§ **DATA EXCERPTS**
[Start of Attachment]

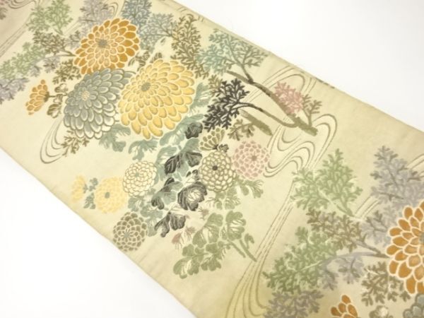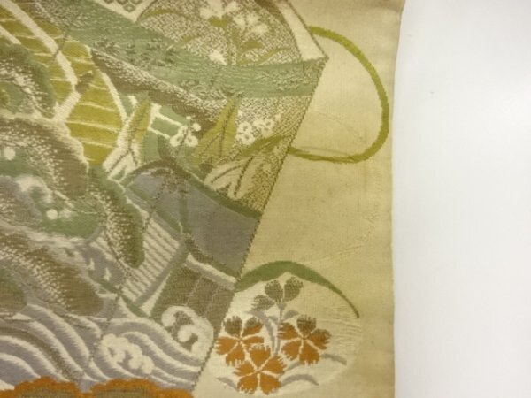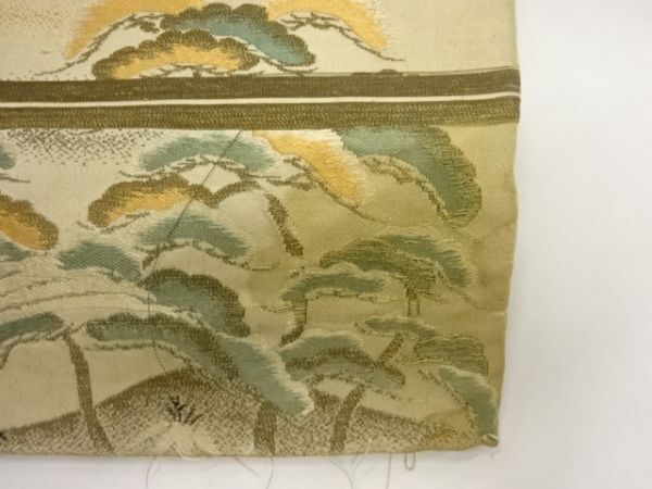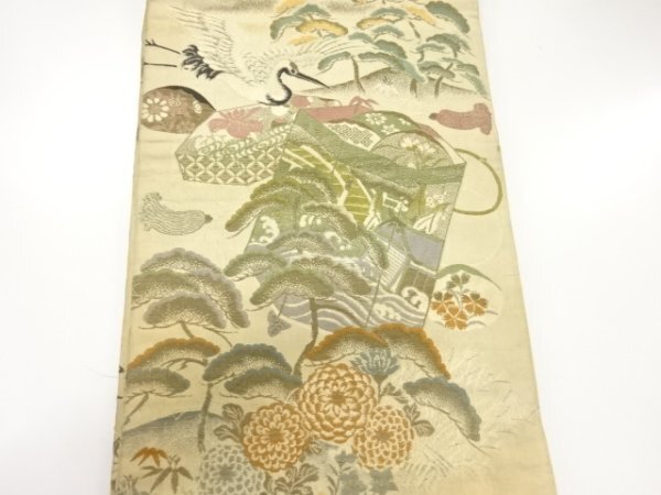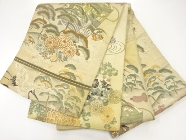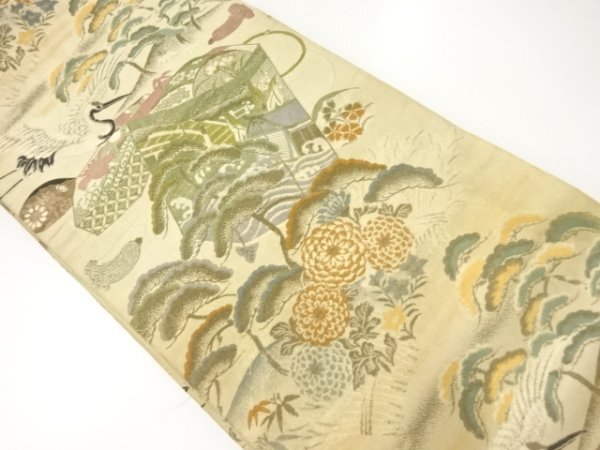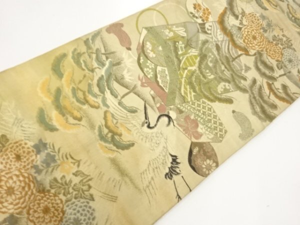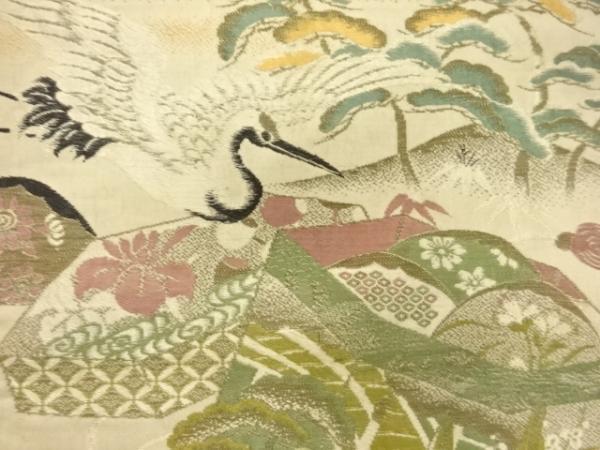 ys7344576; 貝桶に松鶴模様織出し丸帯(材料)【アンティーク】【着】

[End of Attachment]
[Start of Attachment]

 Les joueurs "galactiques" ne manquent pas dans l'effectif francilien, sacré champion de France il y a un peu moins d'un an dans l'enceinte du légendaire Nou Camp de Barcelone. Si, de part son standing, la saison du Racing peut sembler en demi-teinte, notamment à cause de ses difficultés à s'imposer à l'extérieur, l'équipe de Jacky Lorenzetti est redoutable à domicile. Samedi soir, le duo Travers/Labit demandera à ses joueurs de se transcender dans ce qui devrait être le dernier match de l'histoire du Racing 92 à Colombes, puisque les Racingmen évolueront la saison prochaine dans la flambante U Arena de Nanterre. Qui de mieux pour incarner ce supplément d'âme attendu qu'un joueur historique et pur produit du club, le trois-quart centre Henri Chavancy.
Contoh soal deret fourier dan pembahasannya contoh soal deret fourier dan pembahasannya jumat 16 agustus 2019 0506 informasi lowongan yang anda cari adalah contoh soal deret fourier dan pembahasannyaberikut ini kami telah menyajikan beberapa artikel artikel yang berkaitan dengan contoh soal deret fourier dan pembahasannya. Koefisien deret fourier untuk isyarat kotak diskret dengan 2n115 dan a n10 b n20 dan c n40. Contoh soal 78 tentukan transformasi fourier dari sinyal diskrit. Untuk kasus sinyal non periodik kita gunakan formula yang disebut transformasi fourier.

[End of Attachment]

§ **PROBLEM TO WORK ON**
Within the listing above, the range opens at the line with "centre Henri Chavancy." and closes at the line with "Contoh soal deret fourier dan pembahasannya contoh". Reproduce exactly the lines of that range, including both ends.

§ **EXERCISE RESPONSE**
 Les joueurs "galactiques" ne manquent pas dans l'effectif francilien, sacré champion de France il y a un peu moins d'un an dans l'enceinte du légendaire Nou Camp de Barcelone. Si, de part son standing, la saison du Racing peut sembler en demi-teinte, notamment à cause de ses difficultés à s'imposer à l'extérieur, l'équipe de Jacky Lorenzetti est redoutable à domicile. Samedi soir, le duo Travers/Labit demandera à ses joueurs de se transcender dans ce qui devrait être le dernier match de l'histoire du Racing 92 à Colombes, puisque les Racingmen évolueront la saison prochaine dans la flambante U Arena de Nanterre. Qui de mieux pour incarner ce supplément d'âme attendu qu'un joueur historique et pur produit du club, le trois-quart centre Henri Chavancy.
Contoh soal deret fourier dan pembahasannya contoh soal deret fourier dan pembahasannya jumat 16 agustus 2019 0506 informasi lowongan yang anda cari adalah contoh soal deret fourier dan pembahasannyaberikut ini kami telah menyajikan beberapa artikel artikel yang berkaitan dengan contoh soal deret fourier dan pembahasannya. Koefisien deret fourier untuk isyarat kotak diskret dengan 2n115 dan a n10 b n20 dan c n40. Contoh soal 78 tentukan transformasi fourier dari sinyal diskrit. Untuk kasus sinyal non periodik kita gunakan formula yang disebut transformasi fourier.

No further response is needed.